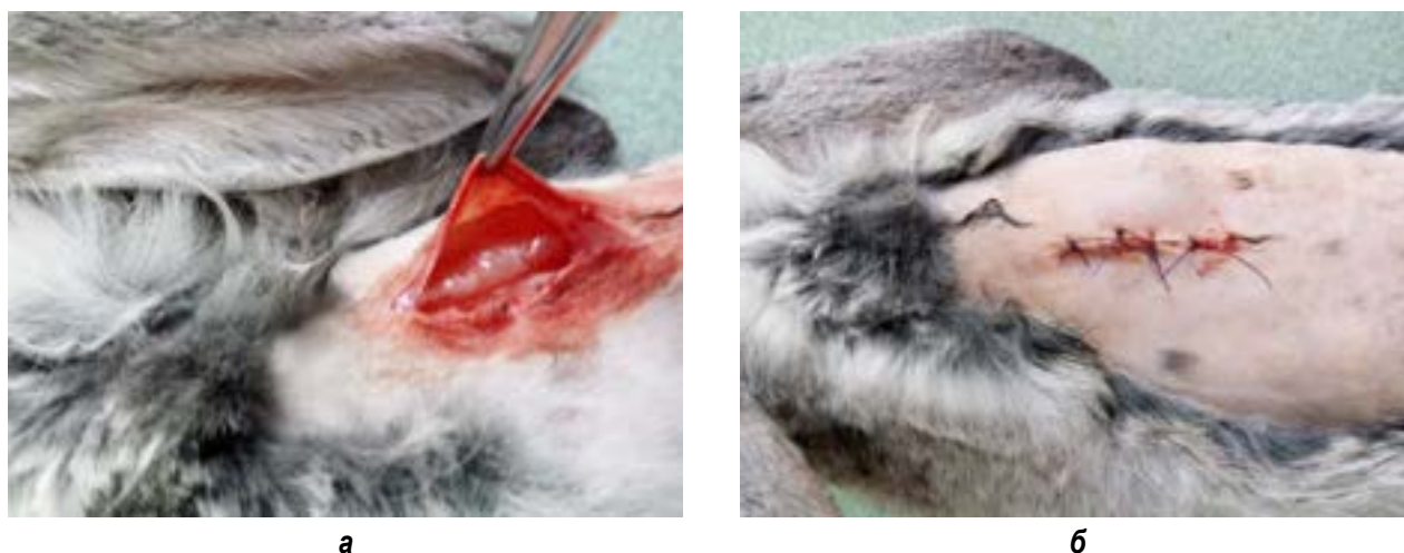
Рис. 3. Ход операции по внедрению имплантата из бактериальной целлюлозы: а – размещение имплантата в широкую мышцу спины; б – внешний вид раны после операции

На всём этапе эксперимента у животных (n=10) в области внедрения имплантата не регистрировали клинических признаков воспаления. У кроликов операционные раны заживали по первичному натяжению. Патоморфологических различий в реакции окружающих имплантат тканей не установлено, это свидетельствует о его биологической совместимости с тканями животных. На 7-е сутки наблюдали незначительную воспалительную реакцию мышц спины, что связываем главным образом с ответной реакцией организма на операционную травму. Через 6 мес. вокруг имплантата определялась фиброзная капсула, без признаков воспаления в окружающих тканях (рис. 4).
==
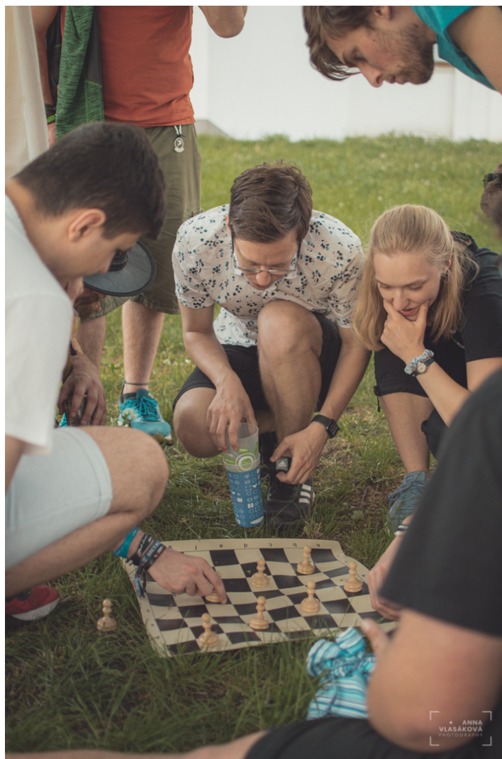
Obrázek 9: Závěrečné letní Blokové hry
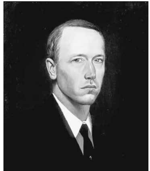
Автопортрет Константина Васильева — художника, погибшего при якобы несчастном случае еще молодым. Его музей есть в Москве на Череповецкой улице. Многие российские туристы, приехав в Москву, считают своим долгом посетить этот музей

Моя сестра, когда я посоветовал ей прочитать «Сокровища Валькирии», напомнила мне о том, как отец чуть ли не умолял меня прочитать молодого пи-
...
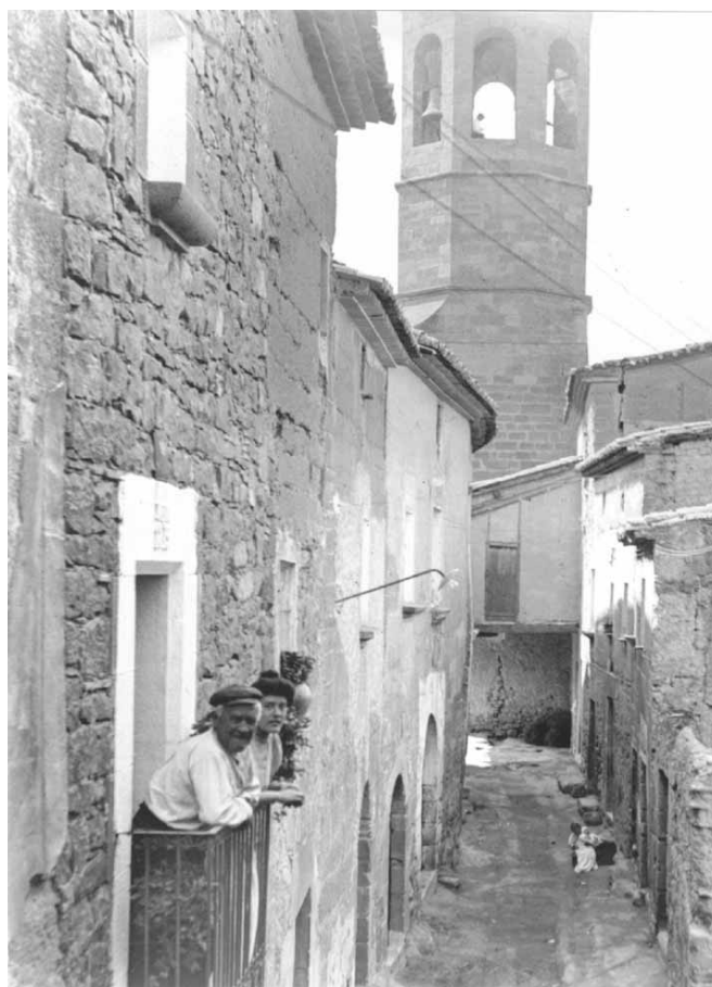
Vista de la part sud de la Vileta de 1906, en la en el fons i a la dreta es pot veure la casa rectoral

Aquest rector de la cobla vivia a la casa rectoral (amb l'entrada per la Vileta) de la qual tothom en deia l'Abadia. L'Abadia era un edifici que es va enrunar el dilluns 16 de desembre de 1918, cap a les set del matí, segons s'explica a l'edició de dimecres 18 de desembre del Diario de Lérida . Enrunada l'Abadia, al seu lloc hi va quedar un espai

To do: Each line above that contains the word "спины" should be copied.

Problem solution:
Рис. 3. Ход операции по внедрению имплантата из бактериальной целлюлозы: а – размещение имплантата в широкую мышцу спины; б – внешний вид раны после операции
На всём этапе эксперимента у животных (n=10) в области внедрения имплантата не регистрировали клинических признаков воспаления. У кроликов операционные раны заживали по первичному натяжению. Патоморфологических различий в реакции окружающих имплантат тканей не установлено, это свидетельствует о его биологической совместимости с тканями животных. На 7-е сутки наблюдали незначительную воспалительную реакцию мышц спины, что связываем главным образом с ответной реакцией организма на операционную травму. Через 6 мес. вокруг имплантата определялась фиброзная капсула, без признаков воспаления в окружающих тканях (рис. 4).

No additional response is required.